Raw data ::
....

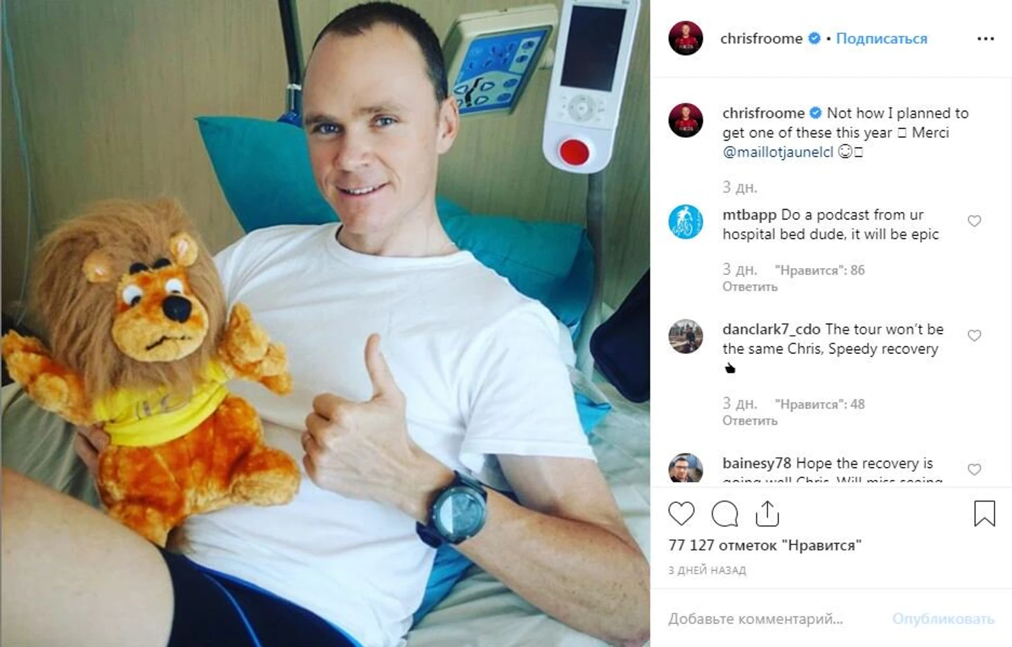 Только вот все равно уже в первый день присутствует ощущение недосказанности; понимания, что не хватает кого-то очень значимого. Не стартует захворавший Кавендиш, не хватило места в заявке Жильберу, колено Гавирии передало привет сезонным амбициям колумбийца, туманом окутаны перспективы Киттеля как спортсмена... Все это, конечно, ощутимые для Тура потери, но главная проблема заключается в другой персоне. Конечно же, ощущение пустоты связано с отсутствием пятикратного победителя ТДФ Криса Фрума, получившего серьезную травму в начале июня. Но, согласитесь, есть подозрение, что таким раскладом были довольны все, кроме велогонщика. В «Инеос» теперь не надо разрываться между тремя лидерами («Мувистар» многое может рассказать о сомнительной успешности данной тактики); руководство ТДФ с облегчением не увидит гонщика с запятнанной репутацией; а самые адекватные болельщики велоспорта выберут себе новые целя для забега с баночками с известным содержанием. Вот оттого и получается таким грустным фото в инстаграме тоскующего Криса с плюшевым львенком.
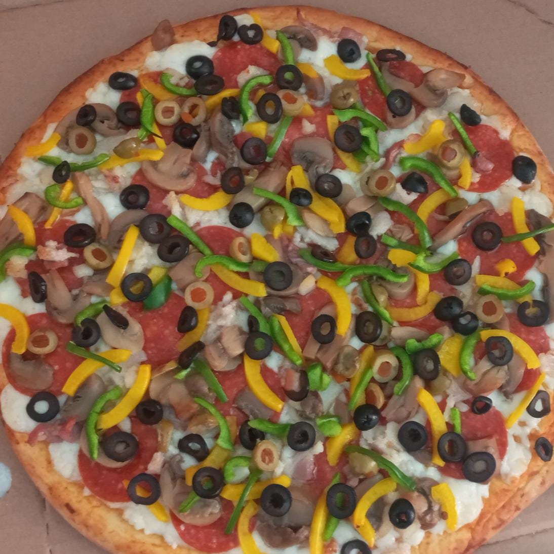 Peperoni, Champiñón, Pimiento, Tocino, Olivos Negros, Aceitunas
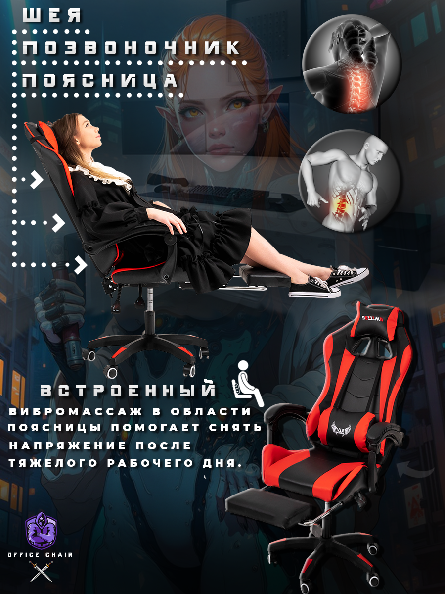 Кресло для геймеров компьютерное с вибро-массажем подножкой

....

Please reproduce each line of the listing above exactly, skipping pictures.

 Только вот все равно уже в первый день присутствует ощущение недосказанности; понимания, что не хватает кого-то очень значимого. Не стартует захворавший Кавендиш, не хватило места в заявке Жильберу, колено Гавирии передало привет сезонным амбициям колумбийца, туманом окутаны перспективы Киттеля как спортсмена... Все это, конечно, ощутимые для Тура потери, но главная проблема заключается в другой персоне. Конечно же, ощущение пустоты связано с отсутствием пятикратного победителя ТДФ Криса Фрума, получившего серьезную травму в начале июня. Но, согласитесь, есть подозрение, что таким раскладом были довольны все, кроме велогонщика. В «Инеос» теперь не надо разрываться между тремя лидерами («Мувистар» многое может рассказать о сомнительной успешности данной тактики); руководство ТДФ с облегчением не увидит гонщика с запятнанной репутацией; а самые адекватные болельщики велоспорта выберут себе новые целя для забега с баночками с известным содержанием. Вот оттого и получается таким грустным фото в инстаграме тоскующего Криса с плюшевым львенком.
 Peperoni, Champiñón, Pimiento, Tocino, Olivos Negros, Aceitunas
 Кресло для геймеров компьютерное с вибро-массажем подножкой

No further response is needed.